Met betrekking tot de hiervoor weergegeven standpunten overweegt de rechtbank het volgende.
De rechtbank stelt het volgende vast. Tussen verdachte en aangeefster is in april 2022 een (seksuele) relatie ontstaan. Verdachte was op dat moment 37 jaar, aangeefster 17 jaar. Zij hebben elkaar leren kennen bij de [bedrijf] , waar verdachte de leidinggevende van aangeefster was. Vanaf het moment dat de (seksuele) relatie tussen hen startte hebben zij nog enkele dagen samengewerkt.
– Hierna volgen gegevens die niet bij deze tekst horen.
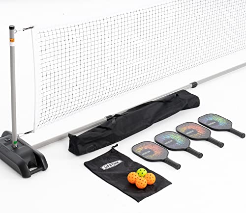 Get outside with your family and friends and face off to determine who is the Pickleball champ. The Lifetime Pro Pickleball Set provides hours of exercise that is sure to be competitive and fun. Get into teams of 2 with the 4 paddles included in the set. Each set of paddles comes with a matching, color-coordinated design so you can distinguish between teams. The high quality net and base are made to maintain regulation height and width while you compete. With 3 outdoor Pickleballs and 1 indoor Pickleball, you can start a match rain or shine. The Lifetime Pro Pickleball Set is the perfect way to stay active and bond with family and friends. Lifetime Pro Pickleball set – Features a freestanding 20-foot heavy-duty pickleball net, (4) high quality paddles, (3) outside pickleballs, (1) indoor pickleball, (2) portable bases, powder-coated steel poles (grey) and a bag for paddles and a bag for complete set.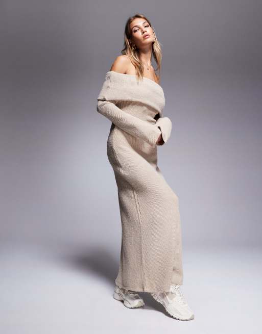 ASOS DESIGN - Strikket cremehvid bardot-maxikjole med brede ærmer

Uit het dossier en het verhandelde ter terechtzitting volgt naar het oordeel van de rechtbank dat de (seksuele) relatie van beide kanten gewild was, en dat zij binnen de relatie beiden initiatief namen tot het hebben van seks. De rechtbank is niettemin van oordeel dat in deze situatie sprake is geweest van misbruik van uit feitelijke verhoudingen voortvloeiend overwicht door verdachte, waardoor aangeefster is bewogen tot het plegen en van verdachte dulden van de (extreme) ontuchtige handelingen. Aangeefster was een kwetsbaar meisje van 17 jaar, verdachte een 37-jarige man. Verdachte was aldus 20 jaar ouder dan aangeefster en had beduidend meer levenservaring. Daar komt bij dat verdachte ook (veel) meer ervaring had op seksueel gebied, zeker ten opzichte van de 17-jarige [slachtoffer] . Zij had immers weinig tot geen ervaring op seksueel gebied. Dat verdachte wist dat aangeefster kwetsbaar is en de nodige problematiek heeft, volgt, naast de verklaring van aangeefster, uit de in de telefoon van verdachte aangetroffen gespreksverslagen van gesprekken tussen aangeefster en haar begeleiders bij [instelling] . De rechtbank is van oordeel dat uit voornoemde omstandigheden een uit feitelijke verhoudingen voortvloeiend overwicht door verdachte volgt. De rechtbank stelt wel vast dat verdachte slechts enkele dagen tijdens hun (seksuele) relatie een leidinggevende rol heeft gehad ten opzichte van aangeefster. Dat juist deze verhouding voor overwicht heeft gezorgd is de rechtbank onvoldoende gebleken, zodat dit deel van de tenlastelegging wordt uitgestreept van het bewijs.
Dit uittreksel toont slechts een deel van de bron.